For its distinctive coffee and tea drinking culture, the UAE has earned the title of “Melbourne” of the Middle East. Coffee is consumed in the region at a rate of $7 billion per year, with new brands being introduced on a daily basis. The average yearly coffee consumption is estimated to be 3.5 kilos per person. The UAE spends $630 million on coffee each year, according to figures.
Additionally, around 4,000 cafés can be found around the country. With over six million cups consumed per day on average. But these are only the numbers. On a more sentimental note, the UAE has been able to create a unique coffee culture of its own, blending Arabian aura with modernity.
In Dubai, coffee and tea are so prevalent that almost everyone can relate to the different types of cafés in the city. While there is no doubt about the country’s love for food, it doesn’t beat the Emirati’s love for coffee.
“Coffee is a universal language – it makes people feel comfortable,” Joe Dunnam, a longtime businessman, and visitor of the Emirates, told Fanack. “Additionally, it is affordable and socially accepted by all members of society.”

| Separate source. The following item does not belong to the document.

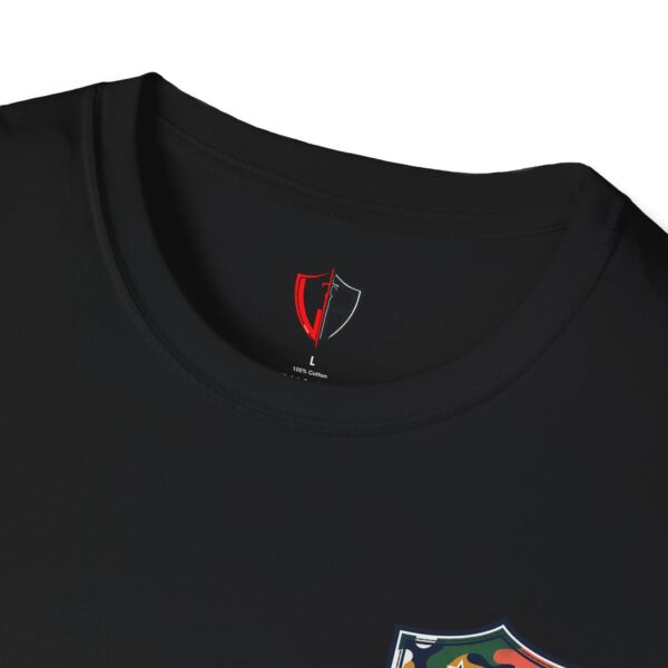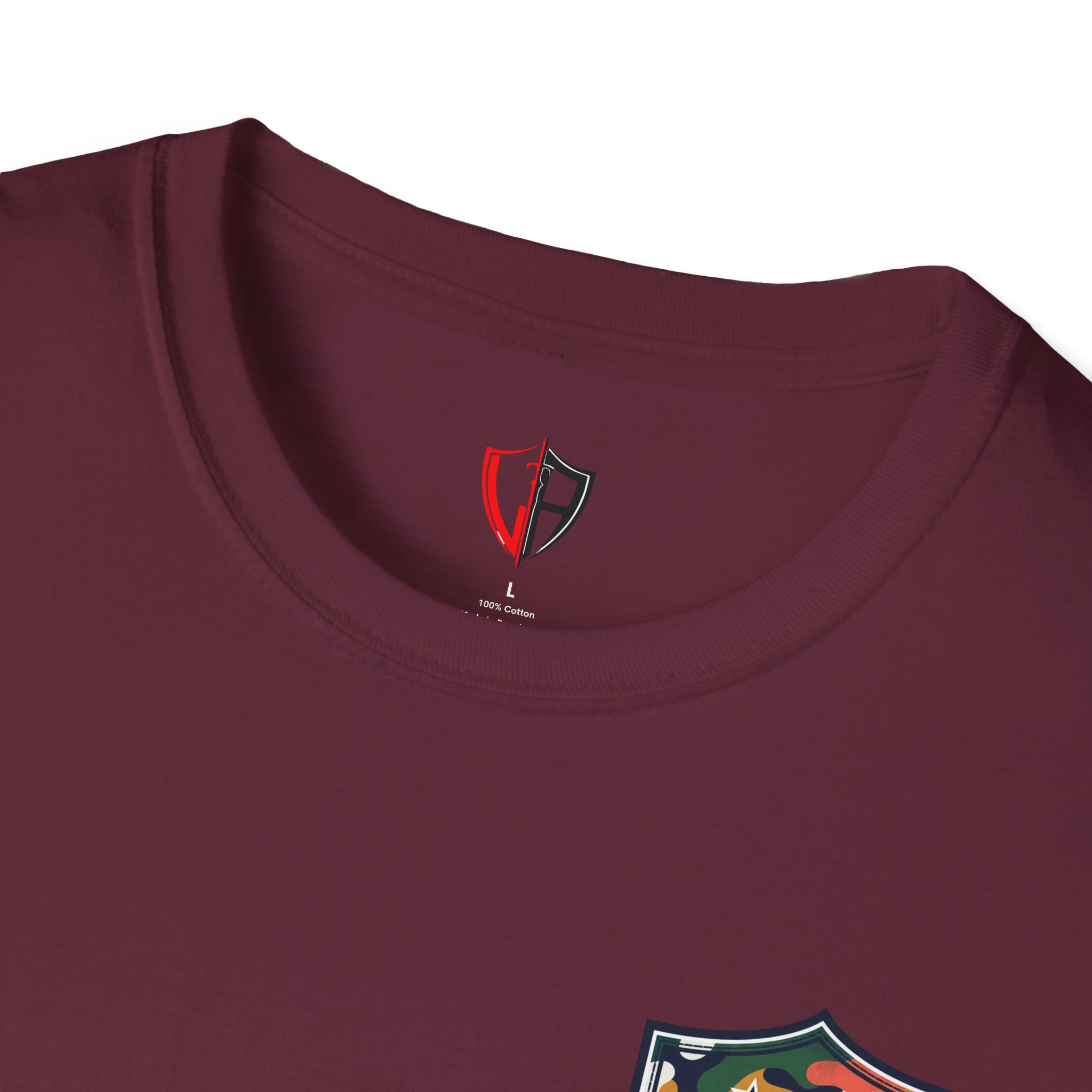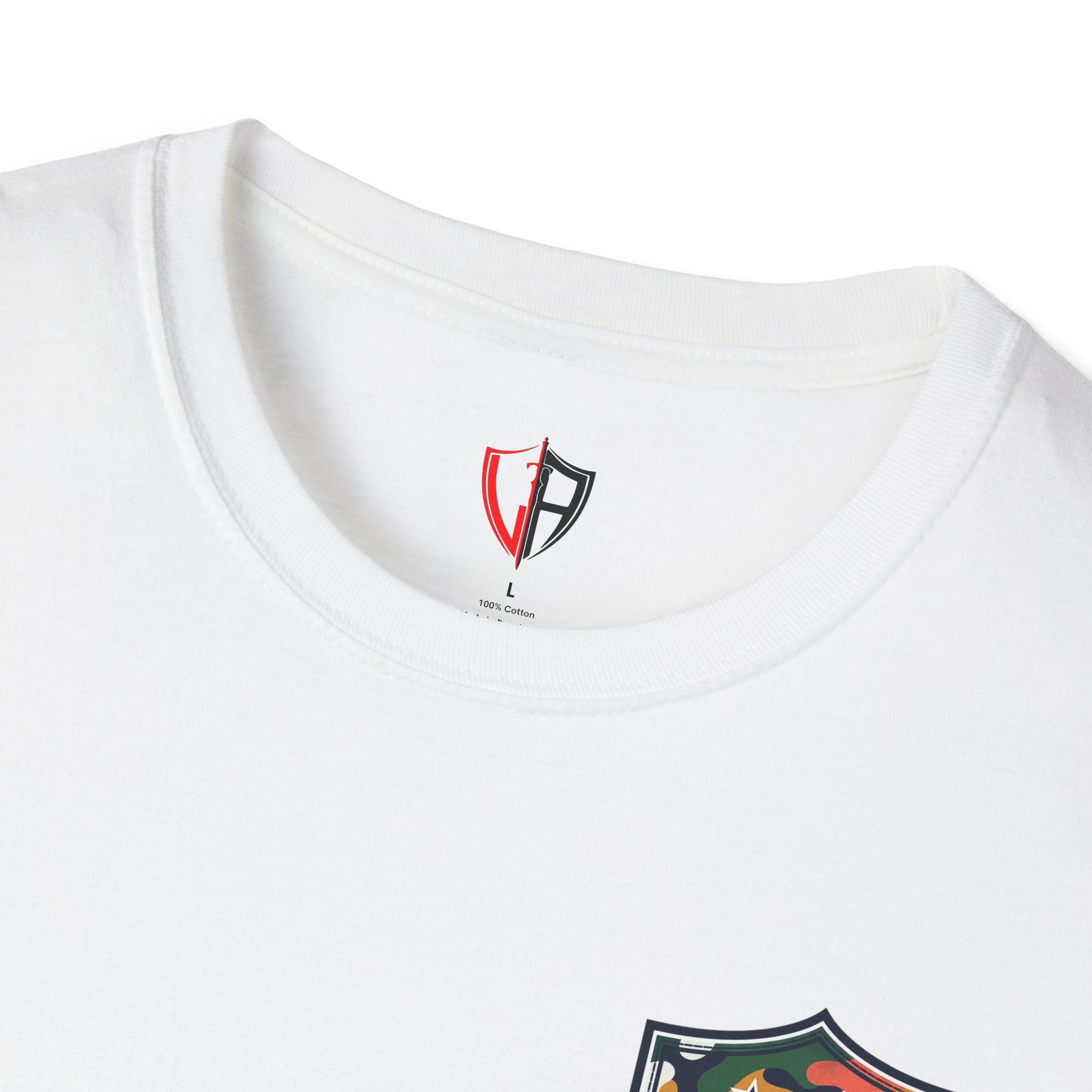 A lightweight, classic-fit tee that feels worn-in from the first wear. This crewneck features a small camo shield emblem on the chest and a larger matching badge across the back — a clean, outdoorsy look that reads casual and intentional. The soft, ring-spun cotton drapes comfortably and the ribbed collar and taped shoulders keep the shape after repeated wear. Wear it on trail days, weekend drives, or while layering under a flannel for an easy, lived-in vibe.

Back in the 1970s, when Joe first came to Dubai, the city was only beginning to bloom. At that time, coffee shops didn’t exist in the manner they do today. Over 50 years later, every time he comes to Dubai, Joe finds it to be very different from what he remembers.
“Everybody is more worldly and sophisticated,” he said. “There are so many things to do during any time of the day or night. And coffee shops are one of the most prominent features of this changing city.”
From Rags to Riches:
Mohammed El Fahim, first Vice President of the Abu Dhabi Chamber of Commerce and Industry, provides some insight into life in the UAE prior to the 1960s in his book “From Rags to Riches: A Brief History of Abu Dhabi.”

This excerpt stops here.